[RECORDS FOR THIS TASK]
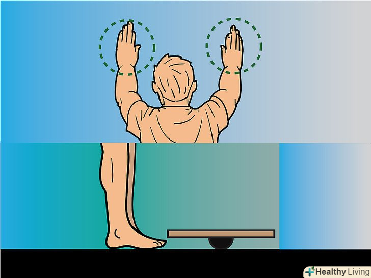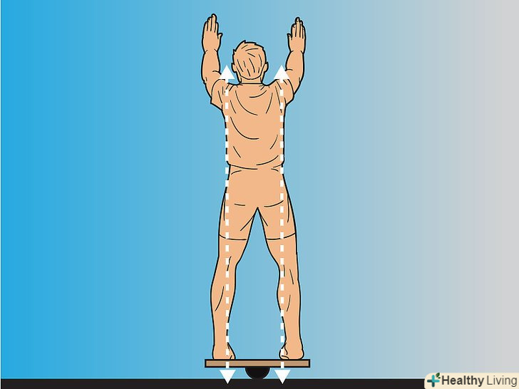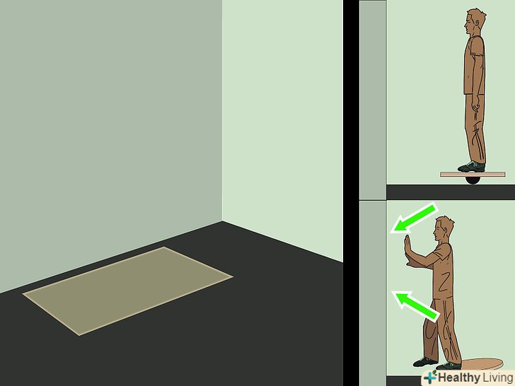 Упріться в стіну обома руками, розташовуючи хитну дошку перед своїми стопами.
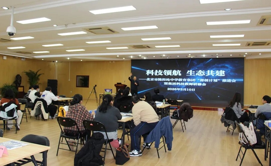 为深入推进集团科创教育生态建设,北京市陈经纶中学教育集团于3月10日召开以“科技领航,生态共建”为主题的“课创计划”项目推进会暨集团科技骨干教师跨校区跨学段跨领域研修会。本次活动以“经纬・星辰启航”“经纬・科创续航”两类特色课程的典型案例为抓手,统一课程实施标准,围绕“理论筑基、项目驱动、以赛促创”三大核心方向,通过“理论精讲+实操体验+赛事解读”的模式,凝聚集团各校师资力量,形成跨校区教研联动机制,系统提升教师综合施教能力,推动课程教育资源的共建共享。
[/RECORDS FOR THIS TASK]
[RECORDS FOR THIS TASK]
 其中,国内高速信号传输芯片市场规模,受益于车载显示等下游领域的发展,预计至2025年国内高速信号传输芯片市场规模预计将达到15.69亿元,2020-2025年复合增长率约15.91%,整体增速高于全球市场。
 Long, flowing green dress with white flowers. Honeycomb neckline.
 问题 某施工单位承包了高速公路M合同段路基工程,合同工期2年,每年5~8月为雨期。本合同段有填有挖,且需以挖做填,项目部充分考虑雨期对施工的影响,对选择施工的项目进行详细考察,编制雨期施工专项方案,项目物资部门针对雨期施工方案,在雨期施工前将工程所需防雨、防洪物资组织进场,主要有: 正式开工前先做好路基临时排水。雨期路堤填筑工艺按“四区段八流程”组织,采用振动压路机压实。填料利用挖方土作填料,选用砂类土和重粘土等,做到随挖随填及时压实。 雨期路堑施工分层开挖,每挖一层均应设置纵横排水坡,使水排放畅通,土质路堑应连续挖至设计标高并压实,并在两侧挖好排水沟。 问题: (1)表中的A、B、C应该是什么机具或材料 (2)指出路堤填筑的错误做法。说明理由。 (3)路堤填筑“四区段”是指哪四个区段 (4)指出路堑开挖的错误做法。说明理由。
[/RECORDS FOR THIS TASK]
[RECORDS FOR THIS TASK]
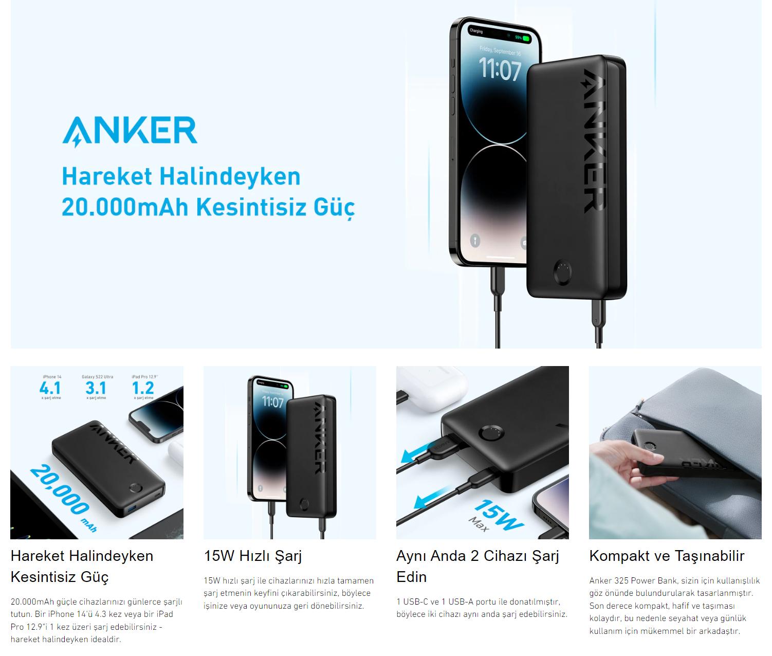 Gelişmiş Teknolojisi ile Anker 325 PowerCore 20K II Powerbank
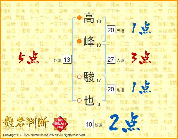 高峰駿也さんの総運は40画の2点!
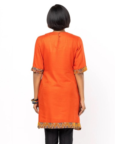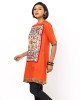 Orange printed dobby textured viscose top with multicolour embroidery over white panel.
[/RECORDS FOR THIS TASK]
After locating the line with "Long, flowing green" in the material above, return it and each line after it exactly, ending at the line with "问题: (1)表中的A、B、C应该是什么机具或材料 (2)指出路堤填筑的错误做法。说明理由。".

__ANSWER SPACE__
 Long, flowing green dress with white flowers. Honeycomb neckline.
 问题 某施工单位承包了高速公路M合同段路基工程,合同工期2年,每年5~8月为雨期。本合同段有填有挖,且需以挖做填,项目部充分考虑雨期对施工的影响,对选择施工的项目进行详细考察,编制雨期施工专项方案,项目物资部门针对雨期施工方案,在雨期施工前将工程所需防雨、防洪物资组织进场,主要有: 正式开工前先做好路基临时排水。雨期路堤填筑工艺按“四区段八流程”组织,采用振动压路机压实。填料利用挖方土作填料,选用砂类土和重粘土等,做到随挖随填及时压实。 雨期路堑施工分层开挖,每挖一层均应设置纵横排水坡,使水排放畅通,土质路堑应连续挖至设计标高并压实,并在两侧挖好排水沟。 问题: (1)表中的A、B、C应该是什么机具或材料 (2)指出路堤填筑的错误做法。说明理由。 (3)路堤填筑“四区段”是指哪四个区段 (4)指出路堑开挖的错误做法。说明理由。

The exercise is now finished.